/fb_scrape_public

Scrapes posts and comments from public Facebook pages.

Primary LanguagePythonBSD 3-Clause "New" or "Revised" LicenseBSD-3-Clause

Update 2/22/18: This program is not currently functional, and probably will never be again given Facebook's changes to its API. I'm leaving the repo up in case anyone finds any of the code useful for other applications.

Update 5/17/18: FSP can still be used with tokens generated by the Graphi API Explorer here: https://developers.facebook.com/tools/explorer/ But who knows how long that will last...

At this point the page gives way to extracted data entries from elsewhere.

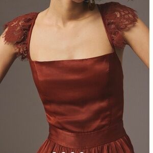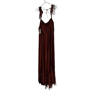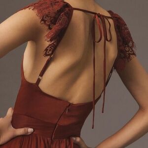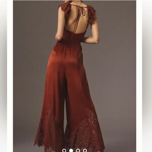 Anthropologie Brown Satin Feel with Lace Wide Leg Jumpsuit in Brown Size 6. NWT
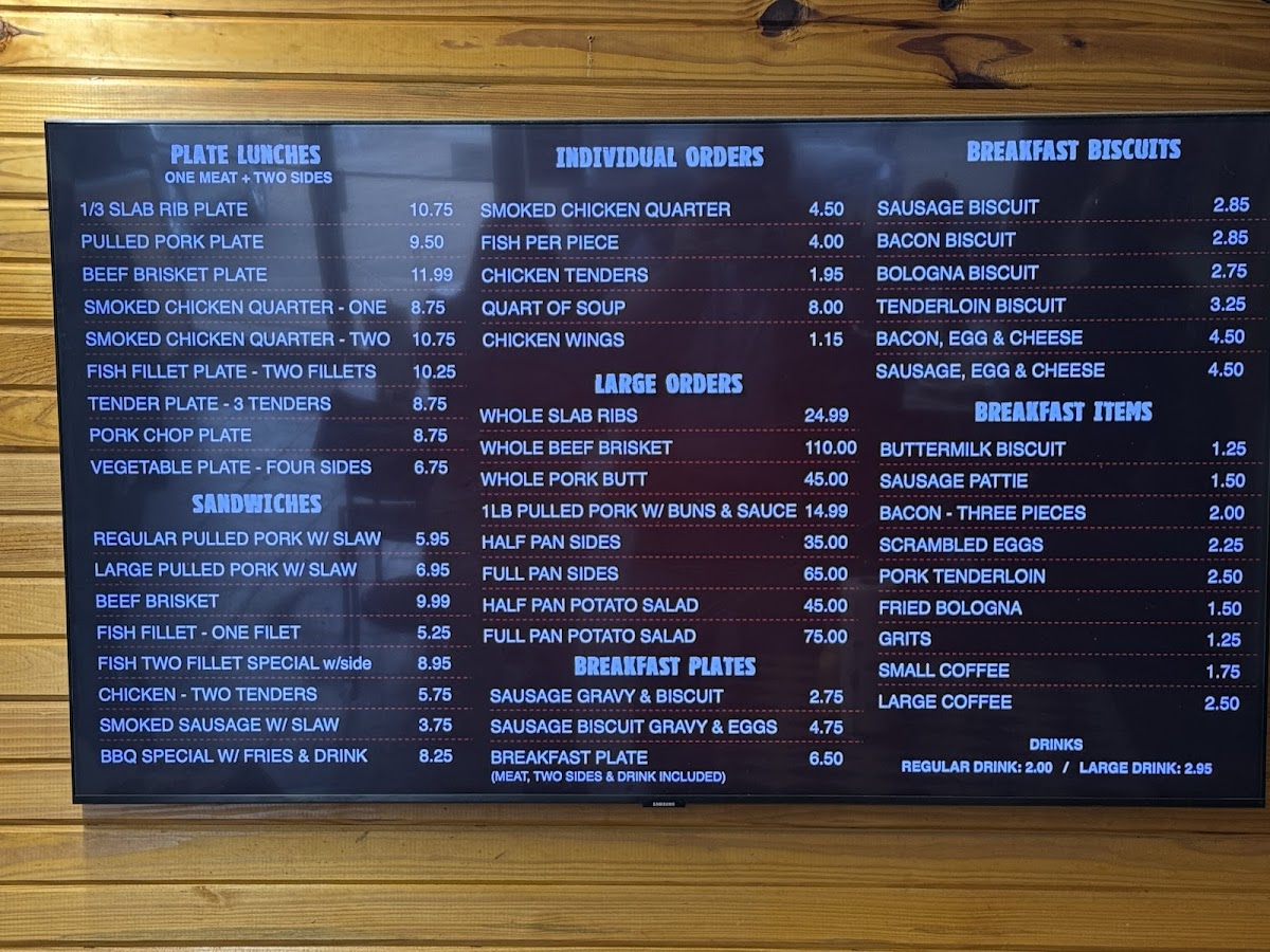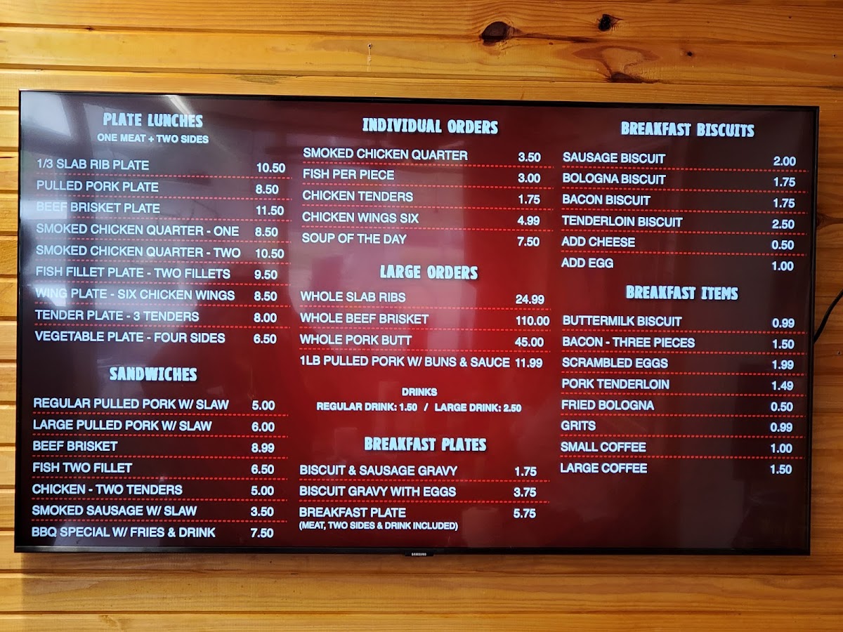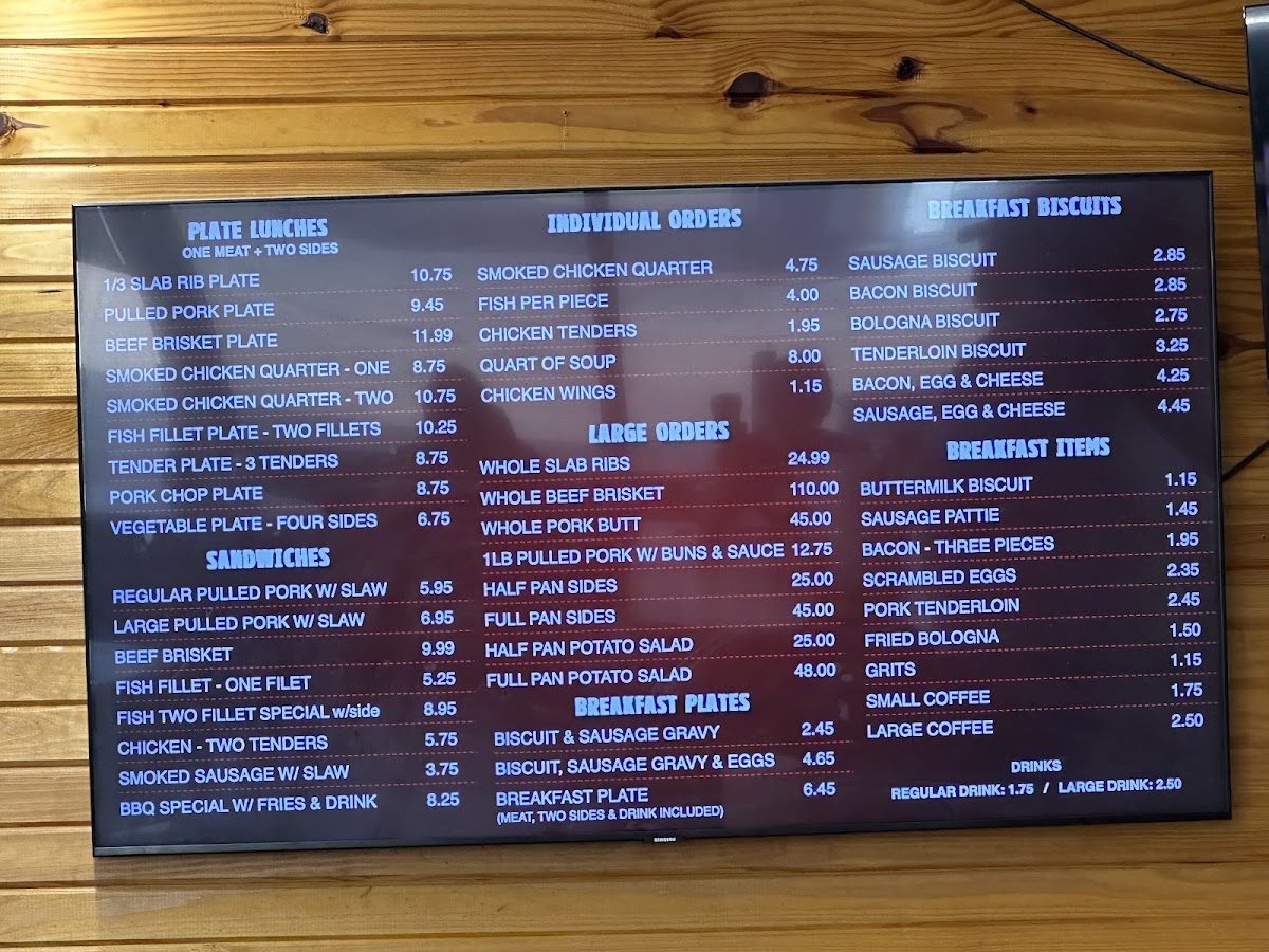 The menu at B's Hickory Smoke BBQ offers a delightful selection of Southern comfort food, perfect for satisfying any craving. For sides, you can enjoy Corn On The Cob, Baked Beans, Fried Okra, Potato Salad, and Hush Puppies, each providing a flavorful complement to your meal. The Plate Lunches section is packed with hearty options like the Fish Fillet Plate (Two Fillets), Vegetable Plate, and the popular Pulled Pork Plate. For those craving chicken, the Smoked Chicken Quarter - Two and Smoked Chicken Quarter - One are great choices. Sandwich lovers will appreciate the variety, including the BBQ Special Sandwich With Fries & Drink, the classic Regular Pulled Pork Sandwich With Slaw, and the Fish Two Fillet Sandwich With Side. There’s also a satisfying Chicken Sandwich - Two Tenders and the flavorful Smoked Sausage Sandwich With Slaw. If you're looking to feed a crowd, the Full Pan Sides and Half Pan Sides (including the popular Potato Salad) are excellent for large gatherings, along with the 1 Lb Pulled Pork With Buns & Sauce. Individual orders like Chicken Wings, One Piece Fried Fish, and 1/2 Rack Ribs are perfect for a quick and tasty meal. To quench your thirst, the restaurant offers Regular Drink and Large Drink. With such a broad and satisfying menu, B's Hickory Smoke BBQ is a great destination for both small meals and larger gatherings, all at reasonable prices.
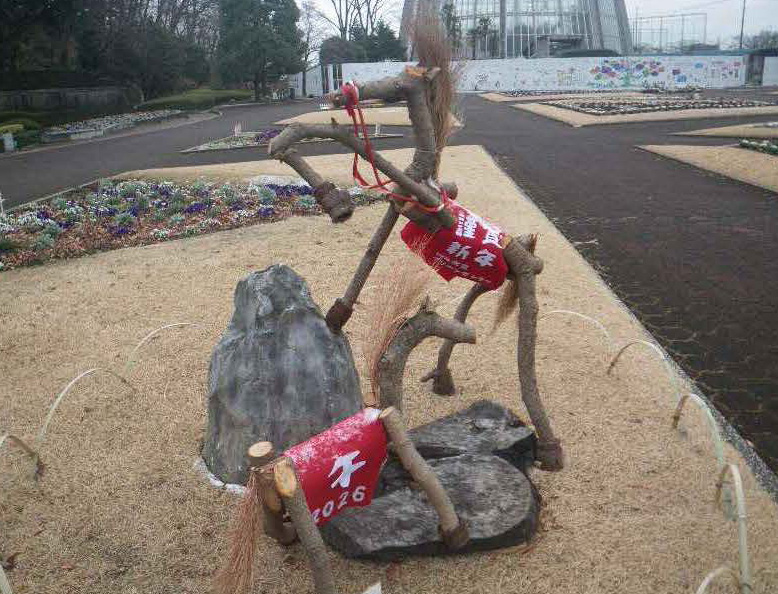 園内で採取した植物や、園芸資材などを使って2026年の干支「馬」を製作しました。
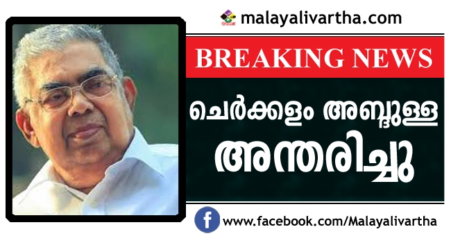 മുന് മന്ത്രി ചെര്ക്കളം അബ്ദുല്ല അന്തരിച്ചു...ലീഗിന്റെ തലമുതിര്ന്ന നേതാവ്; നാല് തവണ കാസര്കോഡ് മണ്ഡലത്തെ പ്രതിനിധീകരിച്ചു; മംഗലാപുരത്തെ ആശുപത്രിയില് ചികിത്സയിലായിരുന്നു
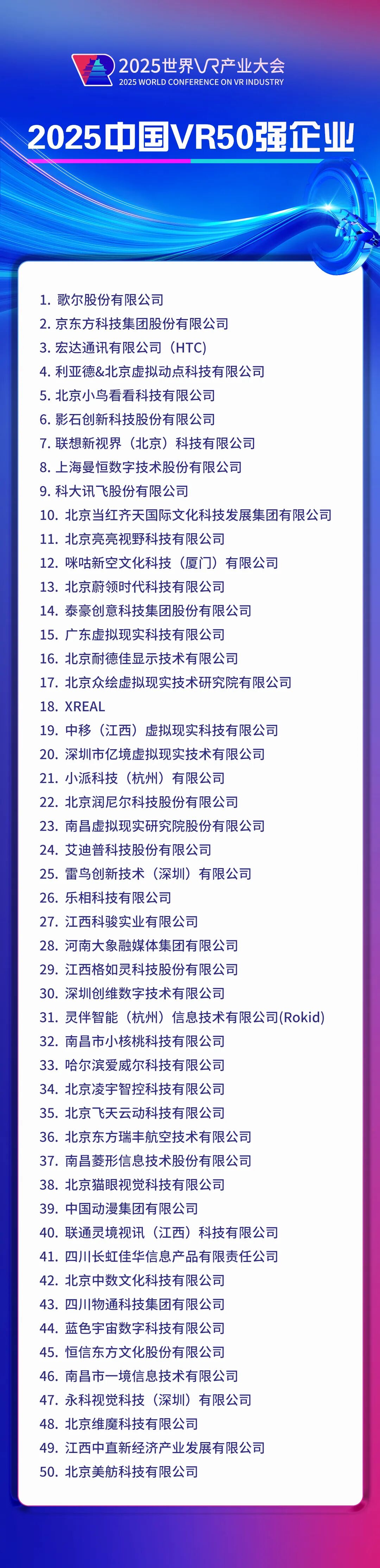 10月19日,“2025中国VR50强企业”名单正式发布,这是“中国VR50强企业”名单连续第七年发布。此次,歌尔股份有限公司、京东方科技集团股份有限公司等上榜。

Update 5/15/18: Facebook has opened an app review process to grant access to the Pages API. Applicants will "require App Review, Business Verification, and Supplemental Terms." Theoretically any app that successfully navigates this process should be able to use FSP, although I have not tested this myself. See https://developers.facebook.com/docs/apps/review for more details.

fb_scrape_public

This script can download posts and comments from public Facebook pages and groups (but not users). It requires Python 3.

Installation

pip3 install fb_scrape_public will work, but you can also simply download the script and place it in your PYTHONPATH directory.

Instructions

  1. This script is written for Python 3 and won't work with previous Python versions.
  2. The main function in this module is scrape_fb (see comments on lines 147-148). It is the only function most users will need to run directly.
  3. To make this script work, you will need to either:
    1. Create your own Facebook app, which you can do here: https://developers.facebook.com/apps . Doesn't matter what you call your new app, you just need to pull its unique client ID (app ID) and app secret.
    2. Generate your own FB access token using the Graph API Explorer (https://developers.facebook.com/tools/explorer/) or other means.
  4. Next, you can authenticate using one of the following three methods:
    1. Run the save_creds() function, which will save your FB app credentials to a local file. You will then be able to run scrape_fb from the directory containing the file without including your ID and secret as arguments. Alternatively you can insert a path to your credentials file into the cred_file parameter.
    2. Include your client ID and secret AS STRINGS in the appropriate scrape_fb parameters.
    3. Include a user-generated token in the token parameter.
  5. scrape_fb accepts FB page IDs ('barackobama') and post IDs preceded by the page ID and an underscore (for more details on post ID format, see here). You can load them into the ids field using a comma-delimited string or by creating a plain text file in the same folder as the script containing one or more names of the Facebook pages you want to scrape, one ID per line. For example, if you wanted to scrape Barack Obama's official FB page (http://facebook.com/barackobama/) using the text file method, your first line would simply be 'barackobama' without quotes. I suggest starting with only one ID to make sure it works. You'll only be able to collect data from public pages and groups. For groups you'll need the group ID number; the string alias won't work.
  6. The only required fields for the scrape_fb function are one of the three authentication methods (see step 4 above) and ids. I recommend not changing the other defaults unless you know what you're doing (except for outfile if you want to save your data to disk and scrape_mode if you want to pull post comments).
  7. If you did everything correctly, the command line should show you some informative status messages. Eventually it will save a CSV full of data to the same folder where this script was run if you've set outfile. If something went wrong, you'll probably see an error.

Sample code

import fb_scrape_public as fsp

#below, "YourClientID," "YourClientSecret," and "YourAccessToken" should be your actual client ID, secret, and access token

# to save your Facebook app credentials to disk
fsp.save_creds() 

# if you've run save_creds() once, you can enter the following to get page posts:
obama_posts = fsp.scrape_fb(ids="barackobama") 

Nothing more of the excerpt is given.